How should I store Tiramisu Chia Pudding?
Store the Tiramisu Chia Pudding in airtight containers in the fridge for up to 5 days. This keeps the pudding fresh and flavorful, perfect for meal prep! Make sure the lids seal tightly to prevent the pudding from absorbing any unwanted odors.

Can I freeze Tiramisu Chia Pudding?
Very! To freeze your Tiramisu Chia Pudding, portion it into individual containers, leaving some space for expansion. It can be frozen for up to 2 months. When you’re ready to enjoy it, simply thaw it in the refrigerator overnight. For a quick treat, you can also place it in the microwave for about 20-30 seconds.
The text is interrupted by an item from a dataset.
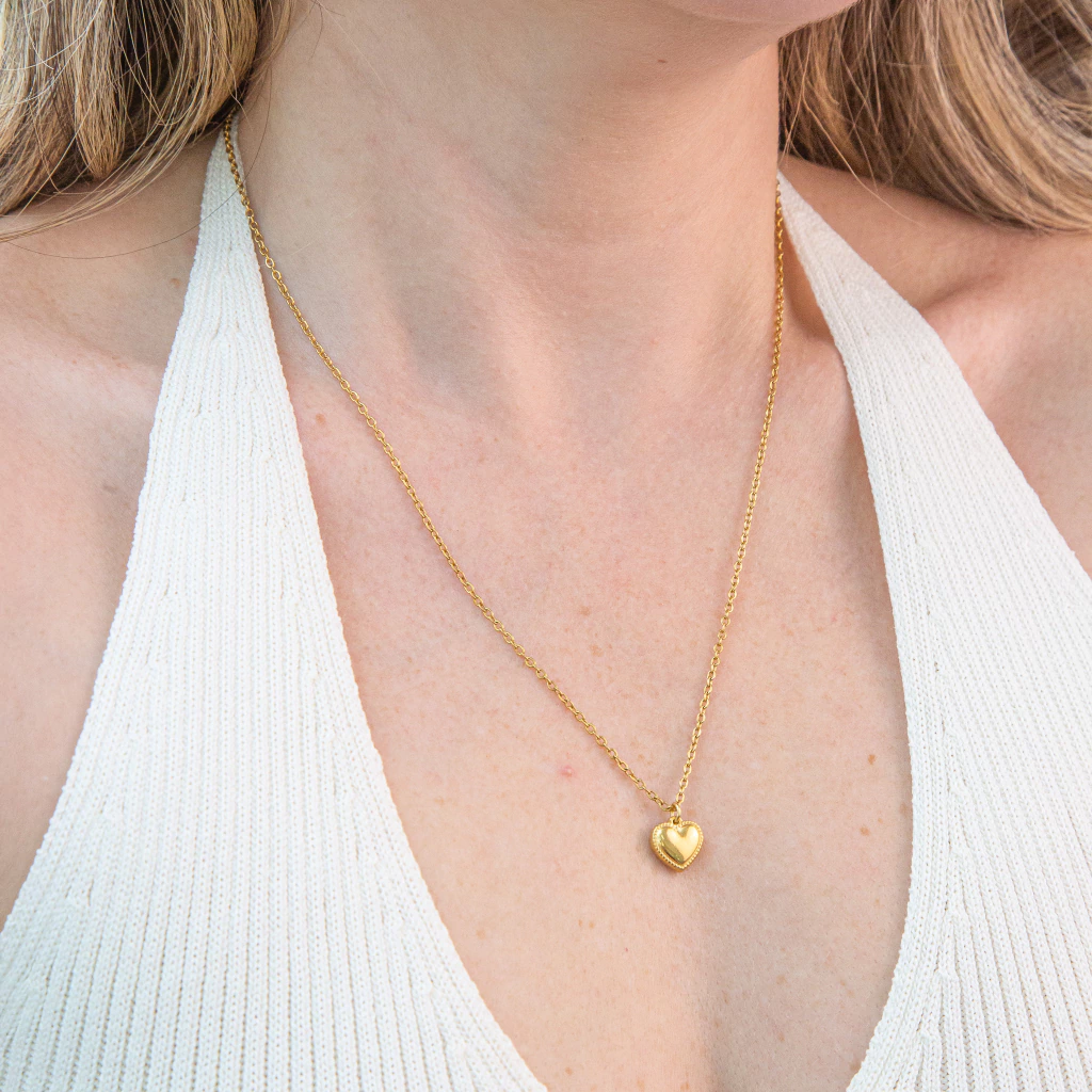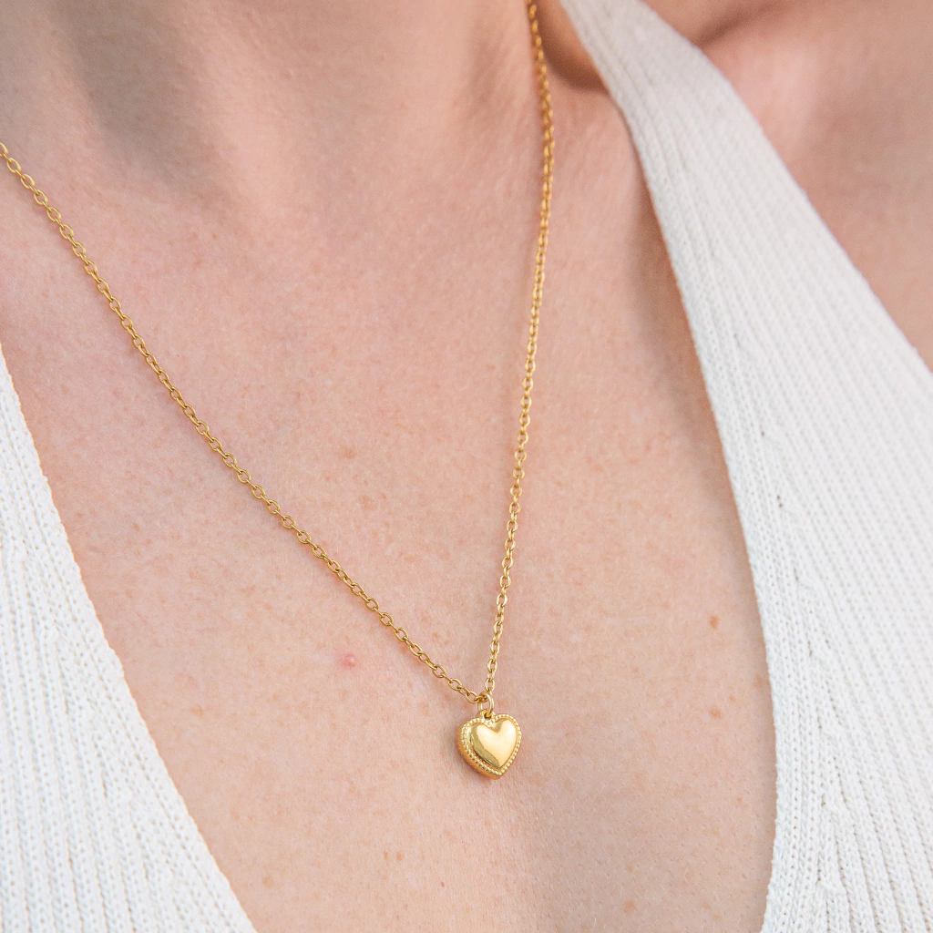 Delicado e cheio de romantismo, o Colar Dourado Coração Vintage em Aço Inoxidável traz o charme do design clássico com um toque moderno. O pingente em formato de coração com detalhes sutis valoriza o visual e transmite afeto e elegância.

What if the chia pudding is too watery?
No worries! If you find your Tiramisu Chia Pudding isn’t thickening as expected, try stirring in additional chia seeds—1 tablespoon at a time—after blending, and let it chill a bit longer. Remember, the pudding thickens as it sits, so ensure you’ve allowed enough time for the chia seeds to absorb the liquid.

Are there any dietary considerations I should be aware of?
Definitely! For those with allergies, chía seeds are generally safe but should be avoided if there’s any known sensitivity. If you’re catering to pet allergies, keep the pudding out of reach of pets, as ingredients like cocoa can be harmful to them. For dairy-free options, simply substitute the Greek yogurt with a vegan yogurt alternative, and enjoy it guilt-free!

Tiramisu Chia Pudding With Greek Yogurt

Creamy Tiramisu Chia Pudding with Greek Yogurt Delight

Indulge in Tiramisu Chia Pudding with Greek Yogurt, a healthy, high-protein breakfast that encapsulates the flavors of classic tiramisu.
Prep Time 10 minutes
Chilling Time 4 hours
Total Time 4 hours 10 minutes
Servings: 4 jars
Course: Dessert
Cuisine: Italian
Calories: 220

Ingredients
  

For the Pudding Base
  • 1 cup Plain Greek Yogurt Substitute with Greek-style vegan yogurt for a dairy-free option.
  • 2 tablespoons Maple Syrup Can substitute with honey or a different sweetener.
  • 1 teaspoon Vanilla Extract No direct substitution recommended.
  • 1 cup Milk of Your Choice Use dairy or any plant-based milk.
  • 1/4 cup Chia Seeds No substitutes recommended.
  • 2 tablespoons Instant Espresso Powder Can be swapped with decaf instant coffee.
  • 1 pinch Salt Adjust according to taste.
For the Topping
  • 1 tablespoon Unsweetened Cocoa Powder Optional but recommended for dusting.

Equipment

  • high-speed blender
  • Small jars or airtight containers

Method
 

Preparation Steps
  1. In a high-speed blender, combine Greek yogurt, maple syrup, vanilla extract, milk, chia seeds, espresso powder, and salt. Blend until smooth.
  2. Pour the mixture into small jars or containers, filling them about three-quarters full.
  3. Place the jars in the refrigerator for at least 4 hours or overnight to allow the chia seeds to thicken the pudding.
  4. Dust the top with cocoa powder before serving.
  5. Add optional toppings like fresh berries or granola right before serving.

Nutrition

Serving: 1jarCalories: 220kcalCarbohydrates: 30gProtein: 20gFat: 6gSaturated Fat: 3gPolyunsaturated Fat: 1gMonounsaturated Fat: 2gCholesterol: 10mgSodium: 80mgPotassium: 450mgFiber: 10gSugar: 8gVitamin A: 150IUCalcium: 300mgIron: 2mg

Notes

Blend until fully smooth for a creamier texture. Chill overnight for best flavor and consistency.